Un conocido mío, durante años vinculado a las categorías infantiles y juveniles del Málaga y del CD Puerto Malagueño (para más señas madridista, que no madrilista), me contó la siguiente anécdota: Con motivo de recaudar fondos para una causa benéfica, el Puerto Malagueño consiguió la implicación de una categoría inferior del Real Madrid en un partido amistoso. El estadio Segalerva se llenó de muchos aficionados al fútbol, expectantes por ver algunas de las futuras estrellas de la Liga española. Dirigía aquel equipo un joven y prometedor entrenador que, años después, se convertiría en uno de los técnicos más cotizados de Europa.
A falta de pocos minutos para el final, cuando el Madrid ganaba por un gol de diferencia, el árbitro pitó un penalti a favor de los locales. El joven y prometedor entrenador, indignado por una decisión que el consideraba totalmente injusta, ordenó a sus pupilos la retirada a los vestuarios a modo de protesta. Aunque en el rostro de algunos chavales se leía el deseo de competir hasta el final, todos obedecieron sin rechistar.

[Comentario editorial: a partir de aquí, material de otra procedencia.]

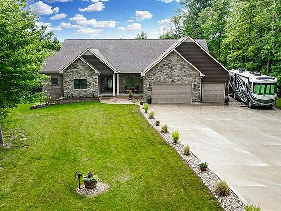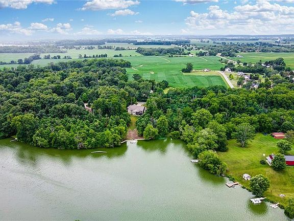 Stunning, Impeccable custom built lake home with amazing, finished basement on a 2.5+ acre wooded lot nestled midway between Columbus & Dayton. Remote enough to feel secluded, yet close to shopping & restaurants. Built in 2017, 4 bed, 3.5 bath, 5,000 sq ft of living space, 4 car garage, finished walk-out basement, 300+ ft of lake shoreline. Enjoy water activities in summer, and playing on ice through the winter. Tranquil view from the deck or sunroom. The open floorplan is open & inviting and ideal for entertaining friends & family. Enjoy watching movies in the theater room. The kitchen is large gourmet, custom kitchen with breakfast bar and large island. The upper deck & back patio have an incredible view of the lake. Plenty of garage space for vehicles and toys, and whole house generator. Priced below recent appraisal, private lake, geothermal, NELSD, minutes from 70/Columbus/Dayton, gourmet kitchen, single open floorplan, finished walkout basement. Association fee $175/year. Hurry!
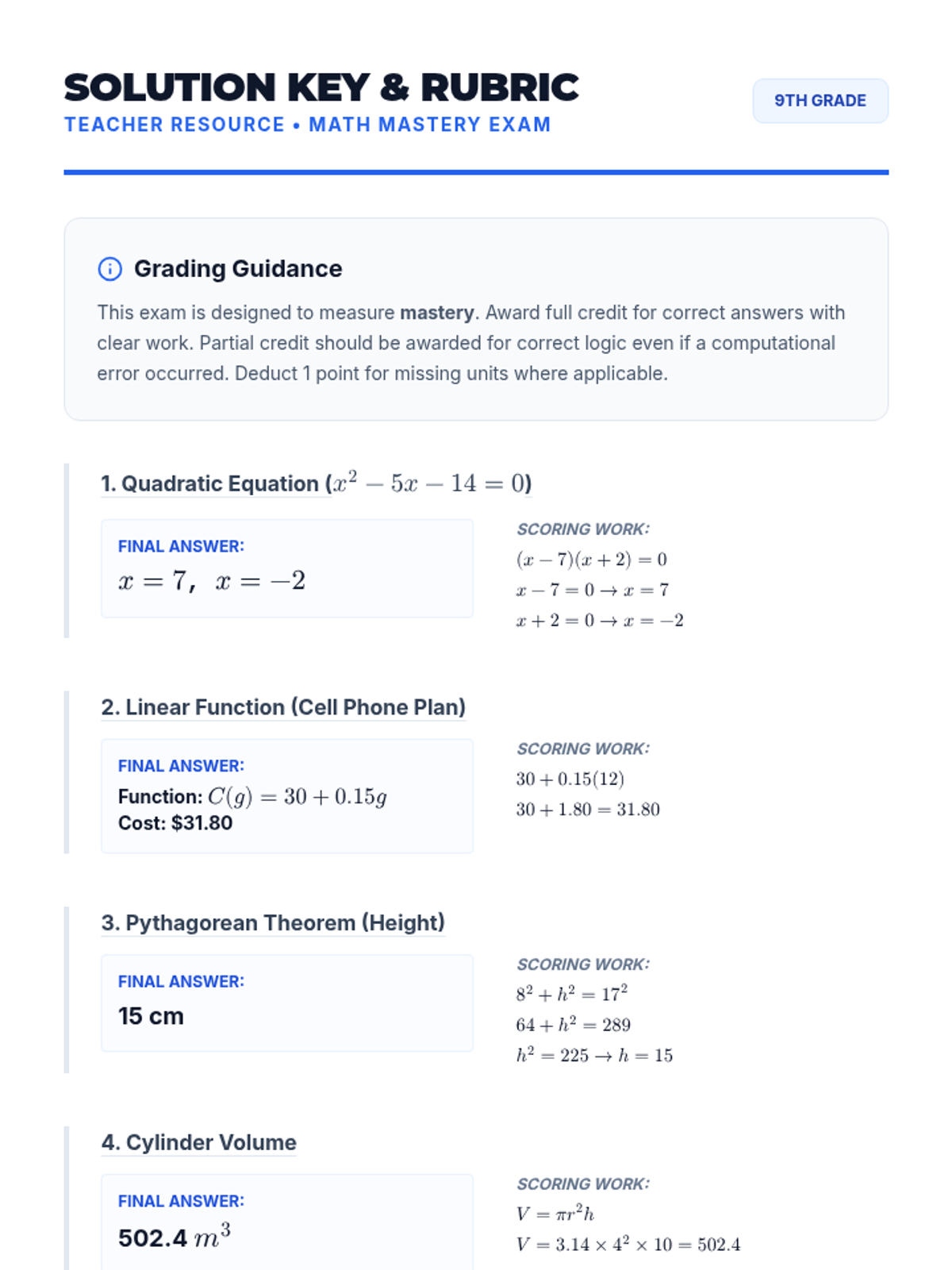 A detailed solution key and grading rubric for the Math Mastery Exam, providing step-by-step solutions and clear point allocation for teachers.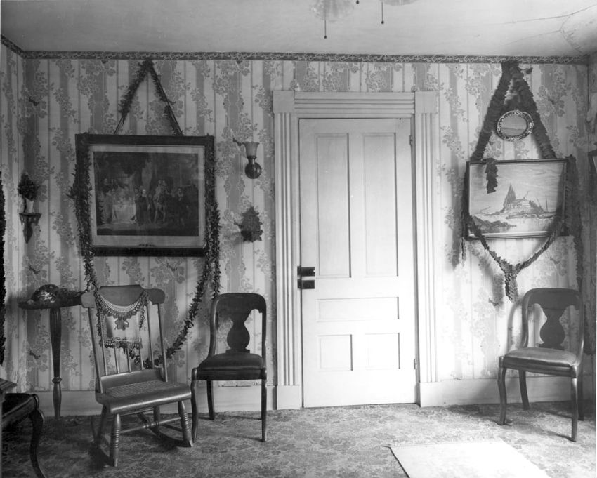 Interior photograph of the parlor in the Fearing House, Fearing Hill, South Wareham, Mass.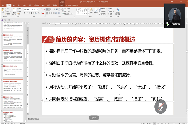 关于就业准备方面,杨璐提醒大家要及时查看公司和公司为大家提供的就业信息,并结合自身经历,向大家介绍了简历制作的技巧、标准与重点事项,鼓励大家丰富简历内容、注意关键信息,增强简历与岗位之间的契合性、关联性。最后,杨璐希望大家在面对求职中的迷茫与困惑时,能够将自身性格、兴趣与技能与岗位机会进行匹配,以更加合理的职业规划迎接人生中的机遇与挑战。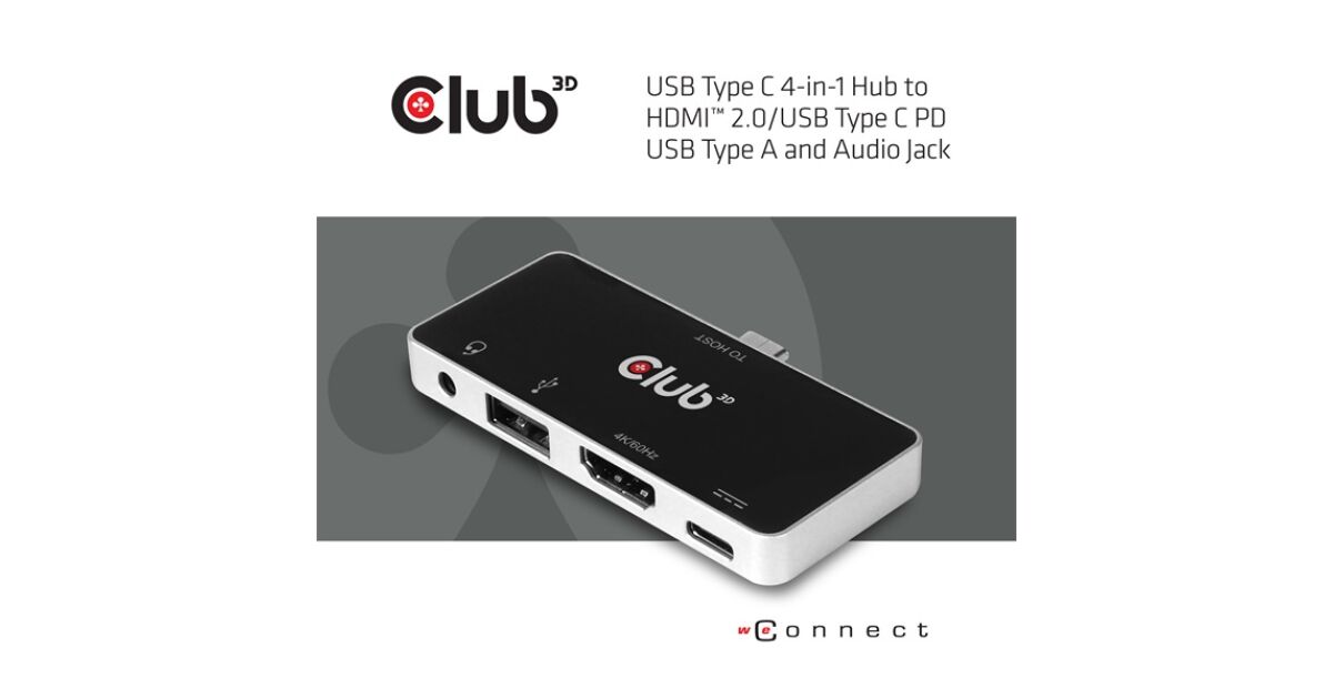 Hub USB Club 3D - CSV-1591 (3.1 USB-C Gen 1 către HDMI, 2.0 USB-A, USB-C 100W, 3.5 Jack, 4k60Hz) Descriere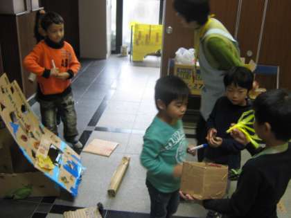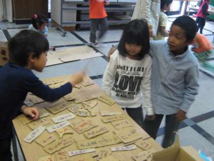 さて,きょうの3・4じかんめはようせいほいくしょのおともだちにきてもらい,おみせをオープンしました。やさしくおしえてあげるすがたや,えがおでせっしているすがたがみられ,「ほいくえんの子たちがえがおできてくれてうれしかった。」「おみせをしてたのしかった。」というかんそうが子どもたちからでました。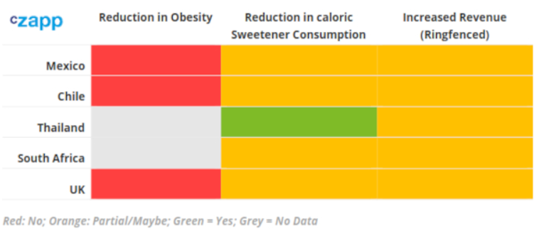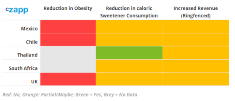 因此,我们可以对泰国的糖税和法规进行评分如下:

En el equipo contrario el ambiente era aún más desolador ¿qué niño no habrá soñado con poder derrotar a uno de los grandes? Un pobre entrenador de equipo modesto, pensando en que sus chicos pudieran mantener el sueño hasta el final, se atrevió a entrometerse en el vestuario madridista de forma humilde y reverente para proponer, a espaldas del árbitro, el siguiente arreglo: estaban dispuestos a marrar el penalti e intentar empatar el partido por otros medios en el tiempo que restaba.
Los dos equipos regresaron a la tierra (Segalerva no tiene césped) y, para que un joven y prometedor entrenador durmiera tranquilo aquella noche, un niño se tragó el orgullo con su saliva, se secó las lágrimas, y lanzó el penalti al banderín de corner. Muchos habrán intuido el desenlace de esta historia: el marcador se mantuvo inmóvil hasta el pitido final.
Aquella fue una jornada gloriosa para el madrilismo.